Die wirtschaftliche Unsicherheit und neue Arbeitsformen prägen die Projektagenda sowie die Kundenansprache. Neue Zugpferde ziehen das Business aus der Corona-Misere. Für diesen Artikel hat Computerworld Philipp Kronenberg, CEO der bbv, und verschiedene Leistungsträger der ICT-Branche interviewt (erschienen in der CW 08/2020; gekürzte Fassung).

17.09.2020Text: tnt-graphics0 Kommentare
ICT Corona_Pferde

Krisen waren schon immer ein Katalysator für Entwicklungssprünge.
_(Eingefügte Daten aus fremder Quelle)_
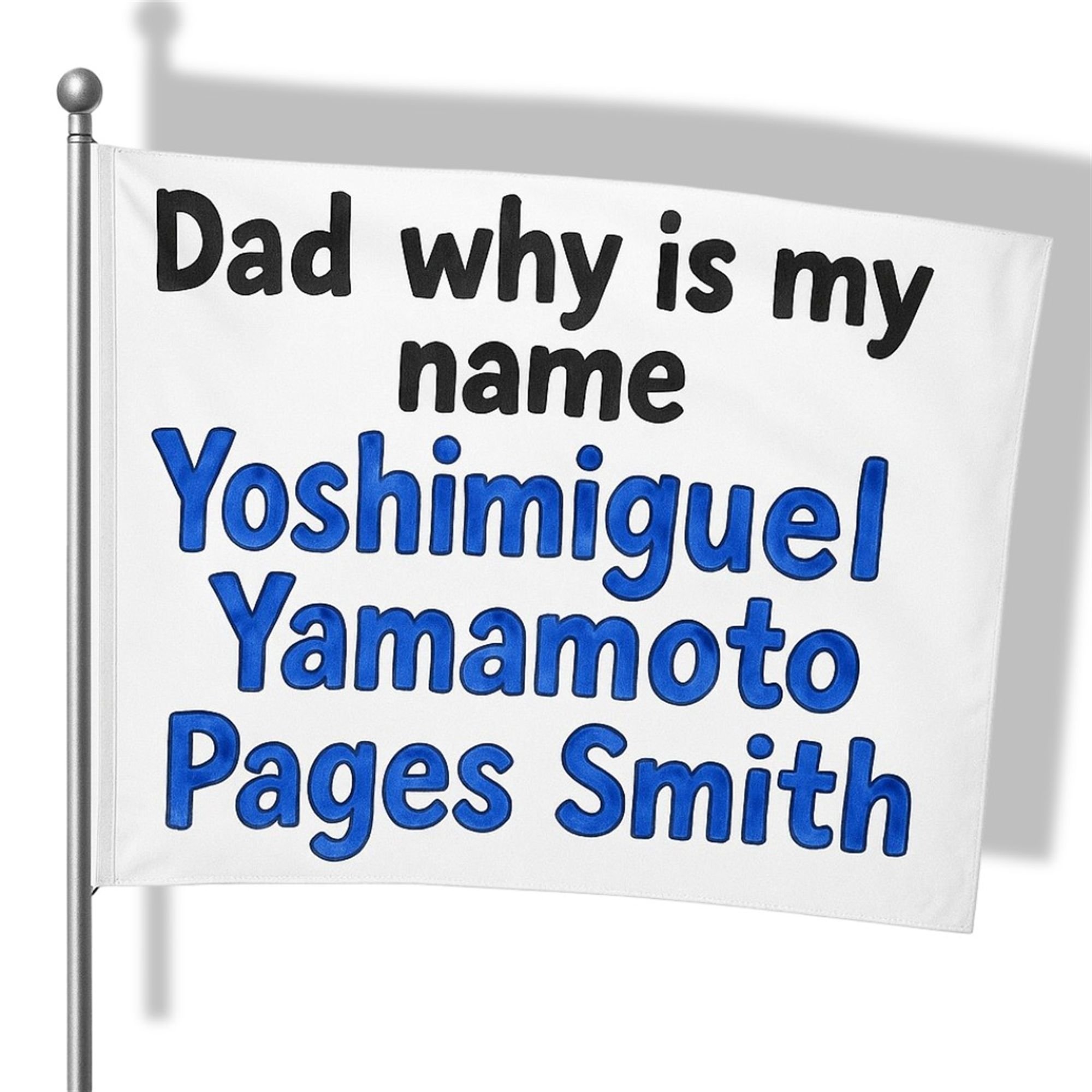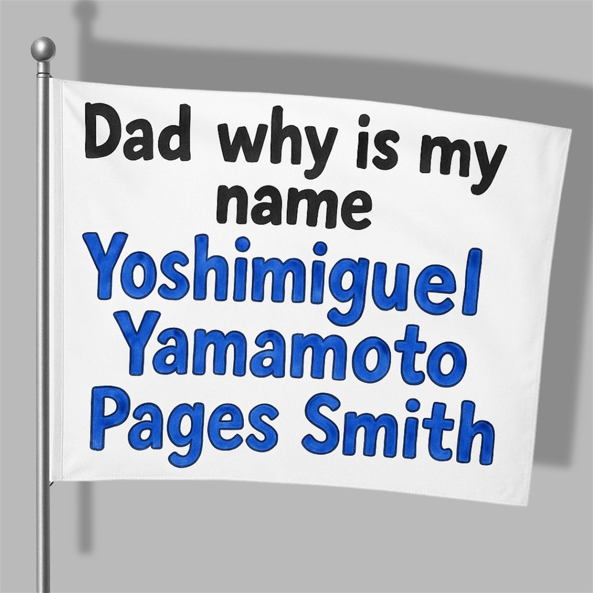 Dad Why Is My Name Yoshimiguel Yamamoto Pages Smith Flag | The Ultimate Dodgers Fan Inside Joke

Das ist auch bei der Corona-Krise der Fall. Das Virus hat uns aus heiterem Himmel getroffen und viele dazu gezwungen, Prozesse voranzutreiben, über die man bis jetzt kaum nachdachte. Alle Pläne und Prioritäten, die im Januar und Februar definiert wurden, seien nun zur Makulatur verkommen, heisst es beispielhaft beim Fachverband swissICT.
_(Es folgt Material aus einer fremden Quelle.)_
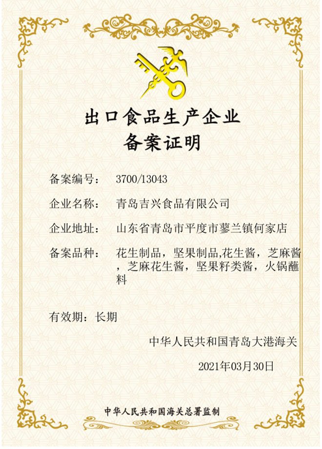 青島吉興食品有限公司,位于青島平度市,始建于2002年,是一家聚焦專注于花生深加工的食品企業(yè)。公司董事長于松魁先生從事花生產業(yè)深加工研究30余年,并將花生產業(yè)作為畢生事業(yè)。公司所生產花生醬研磨細度可以達到300目以上,擁有規(guī)范的現代化生產廠房、先進的技術生產線及專業(yè)管理團隊。

Digitalisierungsbooster Corona

Die von Computerworld befragten Unternehmen in der IT-Branche profitieren aber auch von der Situation. Corona wird zum Zugpferd. Adesso Schweiz vermeldet zum Beispiel eine höhere Nachfrage nach Cloud-Lösungen. Im Kundenkontakt seien Chat und Telefonbots gefragt sowie KI-gestützte Systeme, die E-Mails und Dokumente automatisiert verarbeiten. Roman Hugelshofer, Managing Director Application Security und Geschäftsleitungsmitglied von Ergon, konstatiert einen vermehrten Einsatz von digitalen Mitteln in Schulen und einen boomenden bargeldlosen Zahlungsverkehr. Dies könnte kaum jemand besser bestätigen als Markus Fuhrer, Leiter IT & Operations und Krisenmanager beim Finanzdienstleister PostFinance. Fuhrer stellt fest, dass die Nutzungszahlen der Bezahl-App Twint durch Corona explosionsartig in die Höhe schnellten, da seither viel mehr online eingekauft wird. Der Anteil an bargeldlosen Zahlungen mit der PostFinance Card habe ebenfalls zugenommen.

ICT CoronaDen Betrieb am Laufen halten

ELO-Manager Mosbach führt aus, dass die Kunden seit dem Ausbruch der Corona-Krise vor allem wissen wollen, wie die Organisation und Prozesse am Laufen gehalten werden können. «Oft konnten die Massnahmen zur Umsetzung von Digitalisierungsvorhaben und virtuellen Lösungen nicht schnell genug gehen», sagt Mosbach. Der Sicherheitsanbieter InfoGuard erhielt viele Anfragen zum Thema Services, sicheres Home Office und Kollaboration.

Ein zentrales Thema bei den Kunden von itesys ist Business Continuity, wie Tanja Schöller mitteilt, Head of Marketing & Business Development Manager von itesys. Viele der Kunden würden sich nun vermehrt Gedanken darüber machen, ob der Betrieb ihrer kritischen SAP-Systeme wirklich gesichert sei. Auch bei Lake Solutions führte Corona zu einem Arbeitsschub. Die Kunden greifen beim Aufbau von Home-Office-Strukturen vermehrt auf die Dienstleistungen der Ricoh-Tochter zurück. Auch für Installationen, die den Remote-Zugriff aus dem Home Office sicherstellen, ist die Nachfrage gestiegen.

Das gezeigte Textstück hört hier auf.